By contrast, Fox has given no indication that it intends to investigate O’Reilly’s Falklands statements, let alone discipline him for them. The network issued a one-sentence statement over the weekend: “Fox News chairman and CEO Roger Ailes and all senior management are in full support of Bill O’Reilly.”

That suggests O’Reilly and Ailes may even view the controversy surrounding their star not as a crisis but as a brand-building opportunity, said a New York communications specialist, who spoke on the condition of anonymity because he works with several TV networks. The executive said O’Reilly’s attack strategy is in keeping with his pugilistic image and with Fox News’ self-promotion as the “fair and balanced” alternative to the liberal media. By making the avowedly liberal Corn and Mother Jones the issue, “Fox News has turned this into another partisan shouting match,” he said.

Fox insiders say neither O’Reilly nor Fox intended to prolong the story by making his threatening comment to New York Times reporter Emily Steel on Monday. But they said O’Reilly had no plans to apologize, either.

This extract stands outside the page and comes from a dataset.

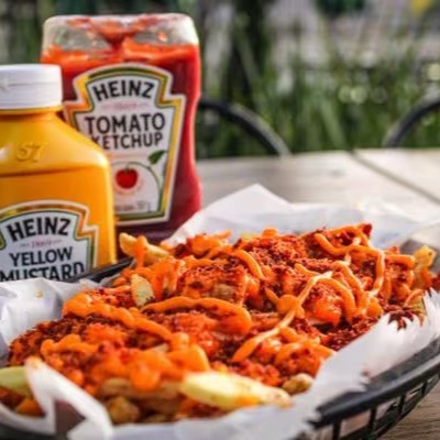 Porção de Batatas Fritas Coberta Com Nossa Receita Caseira de Cheddar Alexandria e Bacon Triturado.
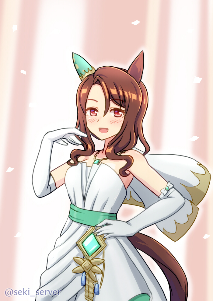 1girl animal_ears bare_shoulders brown_hair dress ear_covers hand_on_own_hip horse_ears horse_girl horse_tail jewelry king_halo_(evergreen_identity)_(umamusume) king_halo_(umamusume) looking_at_viewer necklace official_alternate_costume red_eyes seki_(hyokosho) single_ear_cover smile solo tail umamusume white_dress

Nor does Corn have much hope that the network will apologize to him for O’Reilly’s suggestion that the Mother Jones writer should be in “the kill zone.” (O’Reilly has called that statement “simply a slang expression.”)

“In any other media enterprise, if [an employee] said a reporter should be ‘put in a kill zone,’ it would cause the company to review, or maybe to issue a statement distancing themselves from the comment,” said Corn, a former Fox contributor. “Can you imagine how crazy Fox would go if [CNN host] Anderson Cooper said Bill O’Reilly should be put in the kill zone?”

Added Corn: “It seems clear to me that his strategy is to throw anything he can against this and hope volume trumps the facts. I’m dealing with the facts. That’s not what they’ve chosen to do. This feels more to me like a political campaign than a truth-discerning mission.”
Paul Farhi is The Washington Post's media reporter.